I recommend: Cakebread Anderson Valley Pinot Noir – Blueberry and black cherry carry through from the nose to the palate, where it meets plum and chocolate.

Rosemary-Roasted Garlic Rubbed Turkey with Wild Mushroom and Currant Stuffing + Grenache
Why?
One of the lighter red varietals originally hailing from the Rhone region in France, Grenache has a natural affinity for Provencal ingredients like garlic and rosemary. Some describe it as the Pinot Noir of the Rhone.

  • Rosemary: Grenache has slightly herbal, tones that are highlighted in the turkey’s rosemary rub.
  • Roasted Garlic: Mellow, earthy, tingly garlic reaches in and grabs the Grenache right in the middle of the mouth.
  • Wild Mushrooms: As fruity as Grenache can be, it is firmly rooted in earth. Wild mushrooms will accentuate its earthy nature.
  • Currant: Currants are an accurate match for Grenache’s fruit flavors complementing the berry notes on both the nose and the palate.

I recommend: Quivera Grenache – Currant and earth predominate without overpowering what’s on the plate.

So this week as you ponder your wine picks, think about the flavor profiles that will be playing on your plate.

Happy Thanksgiving, everyone!

Pumpkin Curry

Any Gewurztraminer left over from Thanksgiving will go beautifully with this creamy, spicy, aromatic pumpkin curry.

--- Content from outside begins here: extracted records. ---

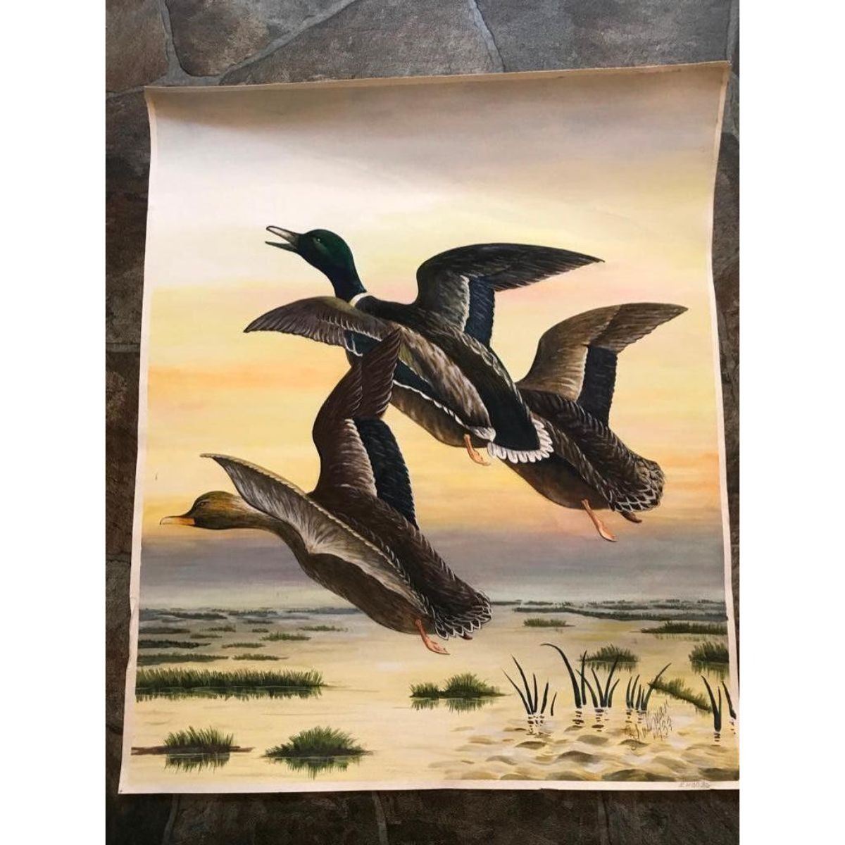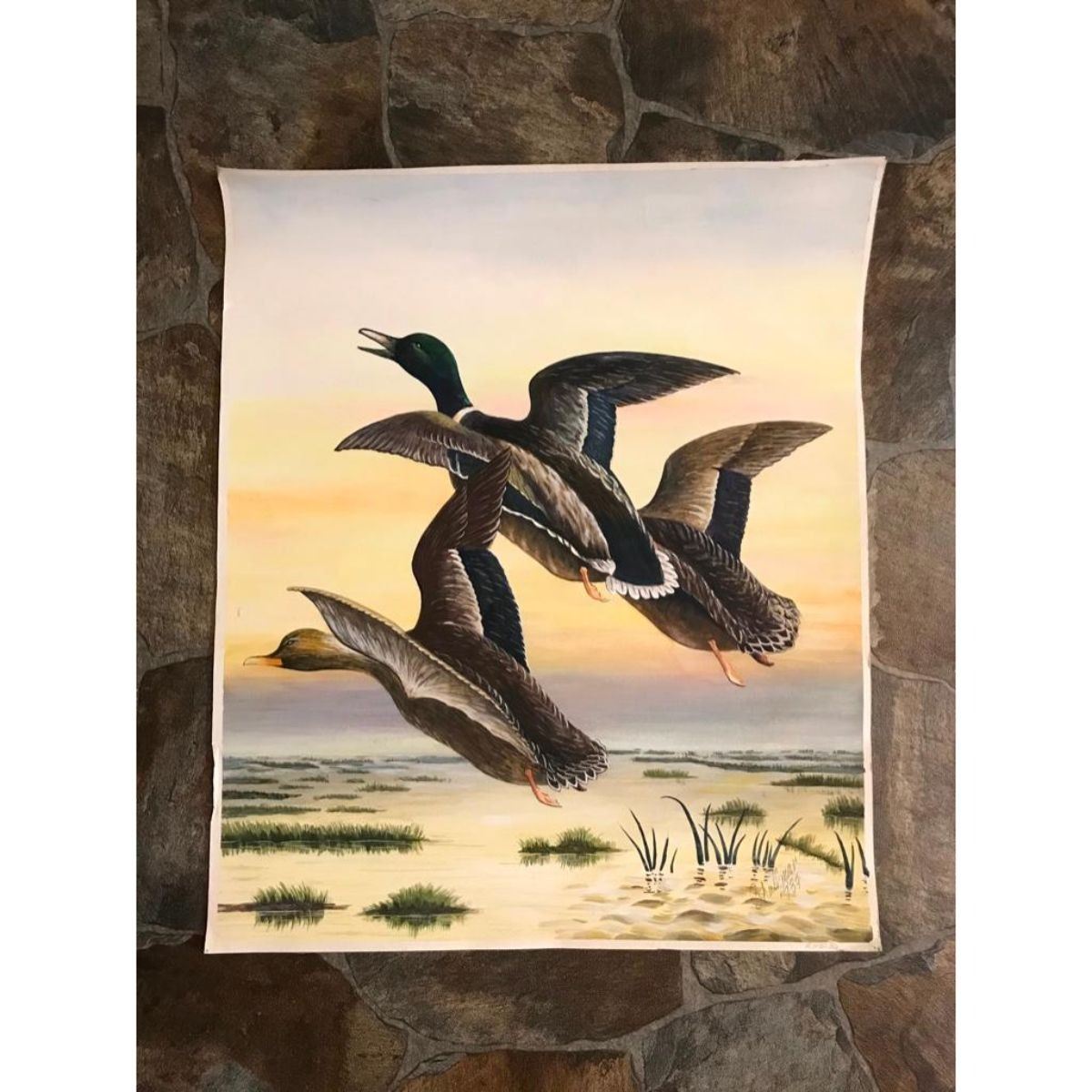 20th Century original watercolor painting on paper. Ducks In Flight, signed Shullman, dated 1933, lower right. 20" X 24". Unframed. * some creasing to top of painting with minor staining from age & storage.
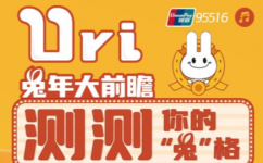 【活动内容】:免年大前瞻测测你的兔格,天真可爱、充满活力拥有收集一切热衷于帮助他人,新奇活动的探索能力绝对的责任担当!没错,在免世界中,它绝对是大家爱不释手的"拿中宝”"中国这只可爱的U免兔年将至银联智能客服Uri又来送福啦!当免世界"明星"邂逅了你,注定们会开启一场让彼此印象深刻的奇妙之旅~想知道你是什么免格吗?想知道哪种U免会被你吸引吗?快跟随Uri的脚步来一场#Uri免年大前瞻。截止至2023年1月28日,每位用户参与互动有机会获得抽奖机会,每天仅限参与5次互动。 活动奖品:500元京东购物卡(5份)、200元京东购物卡(10份)、100元京东购物卡(10份)、50元云闪付红包(100份)、30元云闪付红包(300份)
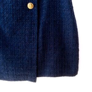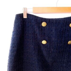 Ann Taylor LOFT Navy Blue Tweed Gold Crest Buttons Asymmetrical Flap Skirt 12P
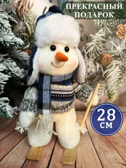 Новогодний снеговик на лыжах в шапке-ушанке со шарфом
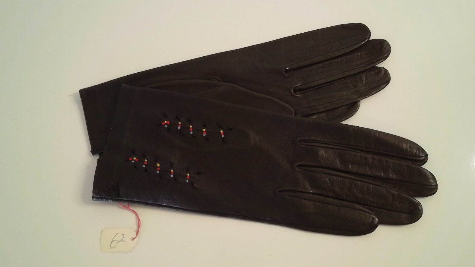 Vintage 6/2 Black Leather Petite Short Dress Evening Gloves Embroidered MCM
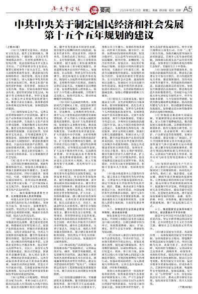 中共中央关于制定国民经济和社会发展第十五个五年规划的建议
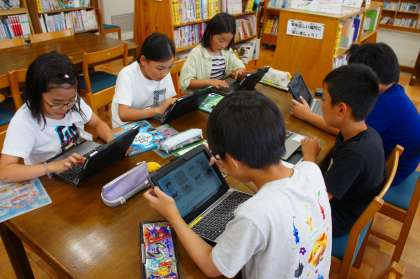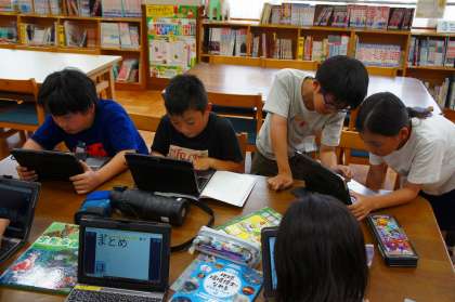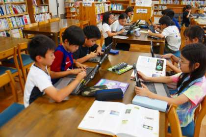 学校図書館で調べ学習をしています。図書とタブレットPC、必要に応じて使い分けていきましょう。必要だと思った資料やテキストは、ロイロノートの共有ノートを活用し、グループの友だちと共有しながら保存していきます。
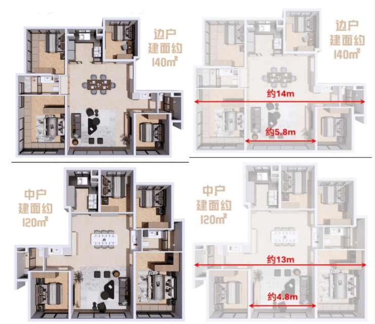 壹江臻邸首开的这两个户型产品在空间尺度的把控上,展现出超越同级的卓越产品力,重新定义了纯粹改善社区的空间尺度标准。建面约120㎡户型南向轴线面宽达约13m,140㎡户型更是达到了约14m,这一数据显著超越了同面积段产品普遍12-13米的常规水平。

If you have a lime tree, crumple up a leaf and throw it into the curry as it simmers (then discard)—it will perfume the dish much as kaffir lime leaves do.

pumpkin-curry1 tablespoon vegetable oil
2 yellow onions, thinly sliced
2 cloves garlic, minced
1 tablespoon minced ginger
1-3/4 cup light coconut milk
1 tablespoon yellow curry powder
2 tablespoons red curry paste
1 cup low-sodium chicken stock
2 tablespoons fish sauce
1 tablespoon sugar
6 cups pumpkin, peeled, seeded and cut into 1-inch cubes
1-1/2 pounds chicken thighs, cut into bite-sized pieces
1 red bell pepper, seeded and thinly sliced lengthwise
2 tablespoons lime juice
1/2 cup cilantro, finely chopped

Heat vegetable oil in a wok or large, deep-sided skillet over medium-high heat and sauté onion for 10 minute, until deep golden-brown. Add garlic and ginger and sauté 1 minute, until fragrant.

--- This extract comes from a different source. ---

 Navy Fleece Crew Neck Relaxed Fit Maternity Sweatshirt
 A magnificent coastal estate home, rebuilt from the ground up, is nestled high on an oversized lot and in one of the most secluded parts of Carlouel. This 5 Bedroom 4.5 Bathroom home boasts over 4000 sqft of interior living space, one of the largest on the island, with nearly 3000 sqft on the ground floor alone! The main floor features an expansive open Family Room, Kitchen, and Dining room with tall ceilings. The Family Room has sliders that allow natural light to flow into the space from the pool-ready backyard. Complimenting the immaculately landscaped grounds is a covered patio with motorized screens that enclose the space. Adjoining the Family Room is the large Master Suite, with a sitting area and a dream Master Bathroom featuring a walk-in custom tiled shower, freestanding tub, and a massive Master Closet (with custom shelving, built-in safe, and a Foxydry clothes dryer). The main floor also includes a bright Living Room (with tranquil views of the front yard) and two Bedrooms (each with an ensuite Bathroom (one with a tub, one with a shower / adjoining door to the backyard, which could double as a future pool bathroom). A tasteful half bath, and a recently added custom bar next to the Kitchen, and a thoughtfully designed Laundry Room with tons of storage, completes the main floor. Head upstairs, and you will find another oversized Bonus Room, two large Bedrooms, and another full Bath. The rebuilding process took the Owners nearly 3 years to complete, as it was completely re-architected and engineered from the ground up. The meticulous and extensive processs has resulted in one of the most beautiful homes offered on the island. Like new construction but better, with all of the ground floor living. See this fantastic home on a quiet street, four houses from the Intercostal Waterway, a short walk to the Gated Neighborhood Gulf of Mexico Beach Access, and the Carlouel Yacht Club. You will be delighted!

Pour in 1/4 cup coconut milk and stir in both curries until blended. Add remaining coconut milk, chicken stock, fish sauce and sugar. Add pumpkin chunks and bring to a boil. Lower heat to medium to retain a vigorous simmer and cook for 15 minutes, stirring occasionally.

Add chicken and pepper and bring back up to a simmer. Cook for another 10 minutes, until chicken is cooked through and pumpkin is tender.

Stir in lime juice and top with cilantro. Serve over rice.